Goal of the exercise.
Each line of the data must be written out again verbatim; no image belongs in the copy.

Collected material.
# # # # #

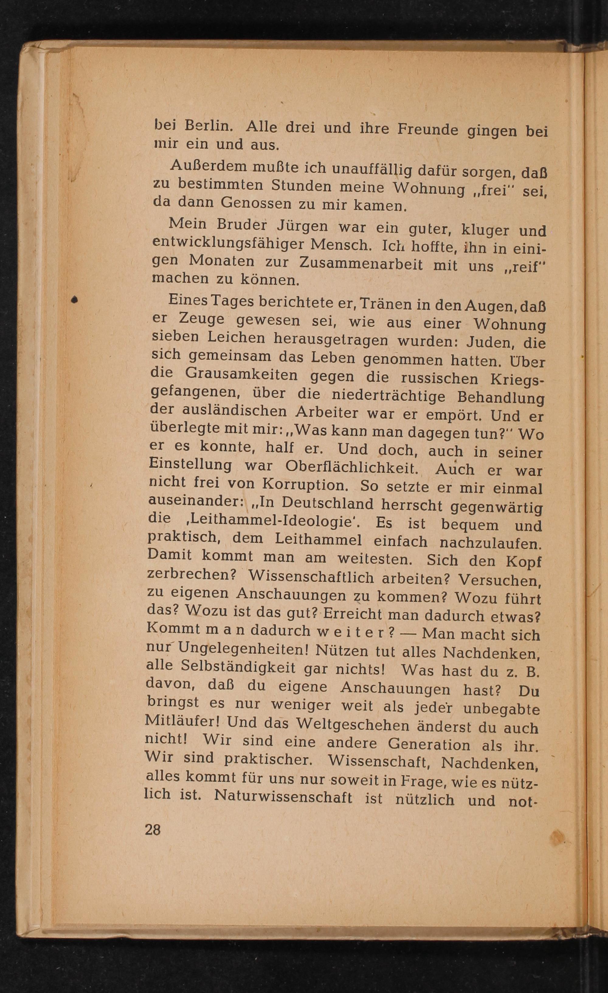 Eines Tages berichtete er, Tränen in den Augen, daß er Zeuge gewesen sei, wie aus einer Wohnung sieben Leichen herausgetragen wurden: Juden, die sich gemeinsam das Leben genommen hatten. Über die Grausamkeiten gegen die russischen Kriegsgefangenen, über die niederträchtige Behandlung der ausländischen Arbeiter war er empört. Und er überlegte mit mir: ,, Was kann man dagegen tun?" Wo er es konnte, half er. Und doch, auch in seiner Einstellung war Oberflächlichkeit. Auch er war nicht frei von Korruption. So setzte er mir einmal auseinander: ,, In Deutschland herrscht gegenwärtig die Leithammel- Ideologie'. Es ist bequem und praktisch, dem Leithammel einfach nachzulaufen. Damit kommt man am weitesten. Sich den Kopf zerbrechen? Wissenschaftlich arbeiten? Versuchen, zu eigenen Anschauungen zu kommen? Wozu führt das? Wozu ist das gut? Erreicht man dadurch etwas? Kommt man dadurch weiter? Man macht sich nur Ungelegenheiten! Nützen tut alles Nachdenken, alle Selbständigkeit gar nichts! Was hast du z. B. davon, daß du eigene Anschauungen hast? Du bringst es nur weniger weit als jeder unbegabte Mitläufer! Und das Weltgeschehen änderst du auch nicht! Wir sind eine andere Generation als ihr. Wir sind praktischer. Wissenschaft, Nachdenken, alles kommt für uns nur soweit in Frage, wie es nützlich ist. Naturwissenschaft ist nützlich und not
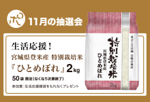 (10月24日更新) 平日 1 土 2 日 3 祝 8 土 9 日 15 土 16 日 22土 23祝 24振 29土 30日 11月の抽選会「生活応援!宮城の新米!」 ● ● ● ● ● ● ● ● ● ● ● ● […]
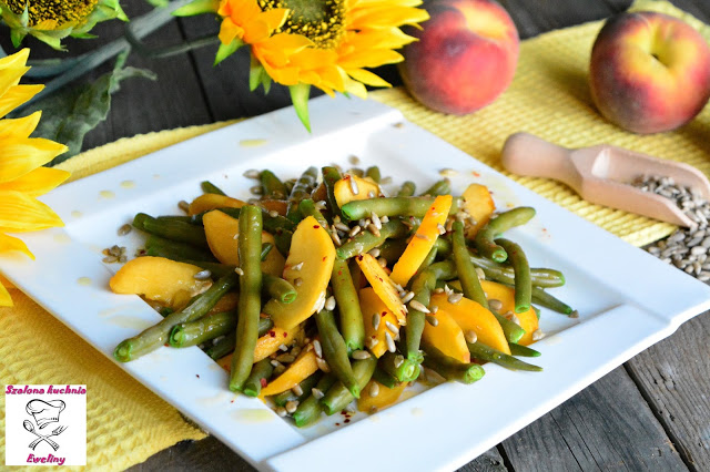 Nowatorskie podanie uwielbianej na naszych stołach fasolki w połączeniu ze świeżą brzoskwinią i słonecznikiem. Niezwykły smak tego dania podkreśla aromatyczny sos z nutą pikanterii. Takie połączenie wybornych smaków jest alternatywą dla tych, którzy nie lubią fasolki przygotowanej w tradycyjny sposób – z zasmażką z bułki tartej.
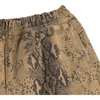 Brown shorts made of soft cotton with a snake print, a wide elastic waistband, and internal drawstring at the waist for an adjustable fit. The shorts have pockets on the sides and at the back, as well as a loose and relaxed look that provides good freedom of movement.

# # # # #

Result.
 Eines Tages berichtete er, Tränen in den Augen, daß er Zeuge gewesen sei, wie aus einer Wohnung sieben Leichen herausgetragen wurden: Juden, die sich gemeinsam das Leben genommen hatten. Über die Grausamkeiten gegen die russischen Kriegsgefangenen, über die niederträchtige Behandlung der ausländischen Arbeiter war er empört. Und er überlegte mit mir: ,, Was kann man dagegen tun?" Wo er es konnte, half er. Und doch, auch in seiner Einstellung war Oberflächlichkeit. Auch er war nicht frei von Korruption. So setzte er mir einmal auseinander: ,, In Deutschland herrscht gegenwärtig die Leithammel- Ideologie'. Es ist bequem und praktisch, dem Leithammel einfach nachzulaufen. Damit kommt man am weitesten. Sich den Kopf zerbrechen? Wissenschaftlich arbeiten? Versuchen, zu eigenen Anschauungen zu kommen? Wozu führt das? Wozu ist das gut? Erreicht man dadurch etwas? Kommt man dadurch weiter? Man macht sich nur Ungelegenheiten! Nützen tut alles Nachdenken, alle Selbständigkeit gar nichts! Was hast du z. B. davon, daß du eigene Anschauungen hast? Du bringst es nur weniger weit als jeder unbegabte Mitläufer! Und das Weltgeschehen änderst du auch nicht! Wir sind eine andere Generation als ihr. Wir sind praktischer. Wissenschaft, Nachdenken, alles kommt für uns nur soweit in Frage, wie es nützlich ist. Naturwissenschaft ist nützlich und not
 (10月24日更新) 平日 1 土 2 日 3 祝 8 土 9 日 15 土 16 日 22土 23祝 24振 29土 30日 11月の抽選会「生活応援!宮城の新米!」 ● ● ● ● ● ● ● ● ● ● ● ● […]
 Nowatorskie podanie uwielbianej na naszych stołach fasolki w połączeniu ze świeżą brzoskwinią i słonecznikiem. Niezwykły smak tego dania podkreśla aromatyczny sos z nutą pikanterii. Takie połączenie wybornych smaków jest alternatywą dla tych, którzy nie lubią fasolki przygotowanej w tradycyjny sposób – z zasmażką z bułki tartej.
 Brown shorts made of soft cotton with a snake print, a wide elastic waistband, and internal drawstring at the waist for an adjustable fit. The shorts have pockets on the sides and at the back, as well as a loose and relaxed look that provides good freedom of movement.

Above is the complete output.